2 Reshaping and summarising

In this section, we will reshape, count and summarise the data in some tables.

2.1 Visit counts

It would be useful to know how many consultations each patient had. We can number each row for the same patient sequentially, then get the maximum visit number per patient to represent the total number of consultations they had. To do this, we will group_by() patient ID:

dat <- dat %>%
  
  # First we make sure blank cells are coded as NA:
  mutate(
    outc_end        = na_if(outc_end, ""),
    outc_end_reason = na_if(outc_end_reason, "")
    ) %>% 
  
  # Now we can group by patient ID:
  group_by(pat_id) %>%
  
  # Then we calculate the number of visits per patient:
  mutate(
    # Here we use n() to create a sequential number for each visit
    visit_num = 1:n(),
    # Then we get the maximum visit number for each patient:
    visit_num_last = max(visit_num, na.rm = TRUE)
    ) %>%
  
  # Now we ungroup as subsequent operations will not be grouped by patient:
  ungroup %>%
  
  # Finally, we use select to reorder the columns:
  select(pat_id, redcap_event_name, visit_num, visit_num_last, everything())

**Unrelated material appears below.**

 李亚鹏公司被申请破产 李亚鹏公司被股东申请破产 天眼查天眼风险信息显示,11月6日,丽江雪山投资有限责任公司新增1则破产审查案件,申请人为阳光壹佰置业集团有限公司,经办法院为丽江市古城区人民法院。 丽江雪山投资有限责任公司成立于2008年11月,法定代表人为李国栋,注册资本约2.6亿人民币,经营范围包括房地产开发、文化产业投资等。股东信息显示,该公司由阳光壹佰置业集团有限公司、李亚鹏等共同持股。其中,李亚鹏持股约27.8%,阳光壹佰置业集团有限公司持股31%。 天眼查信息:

2.2 Dealing with data from multiple consultations

How do we deal with all the data from the different follow-up consultations? This depends on the desired analysis.

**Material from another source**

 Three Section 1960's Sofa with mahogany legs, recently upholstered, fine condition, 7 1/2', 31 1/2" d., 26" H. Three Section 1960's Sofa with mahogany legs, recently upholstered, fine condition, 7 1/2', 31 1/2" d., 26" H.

Suppose we are only interested in the final outcome at the end of patient follow-up. This means we can filter the data and keep only the rows that correspond to the last visit for each patient:

# Make a new subset of the data:
dat_last_consultation <- dat %>%
  # Keep only the rows corresponding to the last visit for each patient:
  filter(visit_num == visit_num_last) %>%
  # Select a few key variables for summarizing:
  select(pat_id, 
         redcap_event_name, 
         visit_num, 
         visit_num_last, 
         outc_end, 
         outc_end_reason)


# Check whether patients reached the end of their follow-up:
dat_last_consultation %>%
  tabyl(outc_end) %>%
  qflextable

outc_end	n	percent	valid_percent
N	1	0.002169197	0.002178649
Y	458	0.993492408	0.997821351
	2	0.004338395

# Summarise reasons for exiting the program:
dat_last_consultation %>%
  tabyl(outc_end_reason) %>%
  qflextable

outc_end_reason	n	percent	valid_percent
C	396	0.859002169	0.864628821
D	19	0.041214751	0.041484716
L	23	0.049891540	0.050218341
S	2	0.004338395	0.004366812
TO	18	0.039045553	0.039301310
	3	0.006507592

# Combine whether program complete and reasons for exit
dat_last_consultation %>%
  tabyl(outc_end_reason, outc_end) %>%
  qflextable

outc_end_reason	N	Y	NA_
C	0	396	0
D	0	19	0
L	0	23	0
S	0	2	0
TO	0	18	0
	1	0	2

It may also be useful to summarise information from the first consultation (at enrollment into the program):

# Create subset for first consultation
dat_first_consultation <- dat %>%
  # Keep only rows for first visit for each patient:
  filter(visit_num == 1) %>% 
  # Select patient ID and site of enrollment:
  select(pat_id, pat_enrolment_site)

# Create frequency table of enrollment sites:
dat_first_consultation %>%
  tabyl(pat_enrolment_site) %>%
  qflextable

pat_enrolment_site	n	percent
3	460	0.997830803
43	1	0.002169197

Now we have two different subsets, but both of them should contain the same patient IDs. We can join the two datasets together to create a summary table with information from both the first and the last consultation.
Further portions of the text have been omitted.